Deep down I feel there is an evil fermenting in America that is trying to divide us all and end our Republic. And it's not left right black or white, it's the powers that be, in the rotten part of our government.


----------



## Leon (Jan 30, 2012)

I keep saying I saw groups with the same puck lights and the same radios. I hear it from other people too


----------



## RedLion (Sep 23, 2015)

MN is not going to be under martial law. Maybe Minneapolis and St. Paul, but not the rest of the state. Lets not blow things out of proportion. Also, a significant chunk of the MN National Guard are 11B infantry with combat experience in Iraq from multiple deployments. Federal Troops are not needed. What is needed is a Governor that actually has some balls and knows how to lead. The Minneapolis and St. Paul Mayors are incompetent shithead lefties as well that let the situation get out of hand for lack of balls and leadership ability.


----------



## Mad Trapper (Feb 12, 2014)

RedLion said:


> MN is not going to be under martial law. Maybe Minneapolis and St. Paul, but not the rest of the state. Lets not blow things out of proportion. Also, a significant chunk of the MN National Guard are 11B infantry with combat experience in Iraq from multiple deployments. Federal Troops are not needed. What is needed is a Governor that actually has some balls and knows how to lead. The Minneapolis and St. Paul Mayors are incompetent shithead lefties as well that let the situation get out of hand for lack of balls and leadership ability.
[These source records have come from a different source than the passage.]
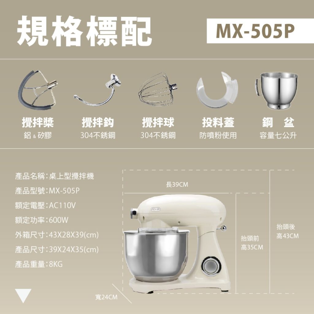 標配:攪拌球x1、攪拌鉤x1、攪拌槳x1、鋼盆x1、投料蓋x1
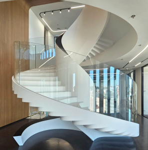 - امکان طراحی پیچیده و مدرن: پلههای مارپیچ، شناور و معلق بدون نیاز به اسکلت سنگین
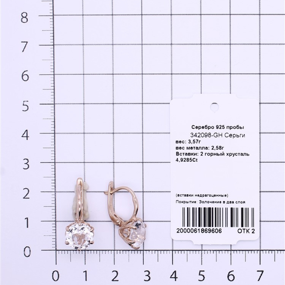 Серебряные Серьги с горным хрусталем 925 пробы 342098-GH
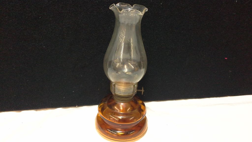 Small Amber Glass Oil Lamp (Made in Japan) (8" high with chimney)
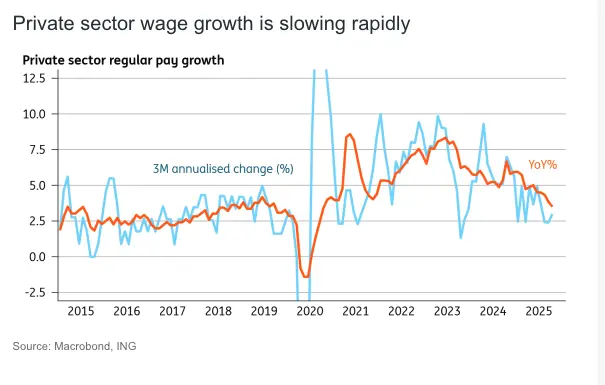 Having started the year close to 6%, private sector pay is now rising by 3.9% in annual terms. In fact, wages are rising by just 3% in three-month annualised growth terms, which gives a clear sense of just how much momentum has slowed through the summer. Those annual growth rates should steadily move lower over the coming months.

I didn't vote for any of the queer leftys. :vs_no_no_no:


----------



## Kauboy (May 12, 2014)

I wonder how many more "that would never happen in a civilized society" liberals will be lining up at gun stores again soon.

Liberty hangs on by a thread.


----------



## MountainGirl (Oct 29, 2017)

SOCOM42 said:


> That is a picture taken in 1970 of the Kent State shooting during the protest.


Yep. I remember it, was 15 at the time.


----------



## 1skrewsloose (Jun 3, 2013)

rice paddy daddy said:


> National Guard?
> No big deal.
> 
> Minnesota needs to be aware that this morning, 5/30/20, the Pentagon alerted Fort Bragg to get active duty 82nd Airborne troops ready for immediate deployment to Minnesota.
> ...


No freaking shit!!! Guess I need to pay closer attension!! I'm not that far from this madness!!


----------



## rice paddy daddy (Jul 17, 2012)

MountainGirl said:


> Yep. I remember it, was 15 at the time.


I was in Vietnam.
And we (my buddies and I ) could not understand why poorly trained, poorly led, weekend warriors were given live ammo to begin with.

We were all in agreement that we never would have shot the students.


----------



## Mad Trapper (Feb 12, 2014)

rice paddy daddy said:


> I was in Vietnam.
> And we (my buddies and I ) could not understand why poorly trained, poorly led, weekend warriors were given live ammo to begin with.
> 
> We were all in agreement that we never would have shot the students.


Amen RPD!

I am sorry you boys got crap you did when you came home. A good neighbor lost his good son in Nam. He was a friend.

Thanks for Your service


----------



## Mad Trapper (Feb 12, 2014)

rice paddy daddy said:


> National Guard?
> No big deal.
> 
> Minnesota needs to be aware that this morning, 5/30/20, the Pentagon alerted Fort Bragg to get active duty 82nd Airborne troops ready for immediate deployment to Minnesota.
> ...


https://www.masslive.com/news/2020/05/pentagon-orders-army-to-put-military-police-on-alert-to-deploy-to-minneapolis.html

Pentagon orders Army to put military police on alert to deploy to Minneapolis

DELRAY BEACH, Fla. - As unrest spread across dozens of American cities on Friday, the Pentagon took the rare step of ordering the Army to put several active-duty U.S. military police units on the ready to deploy to Minneapolis, where the police killing of George Floyd sparked the widespread protests.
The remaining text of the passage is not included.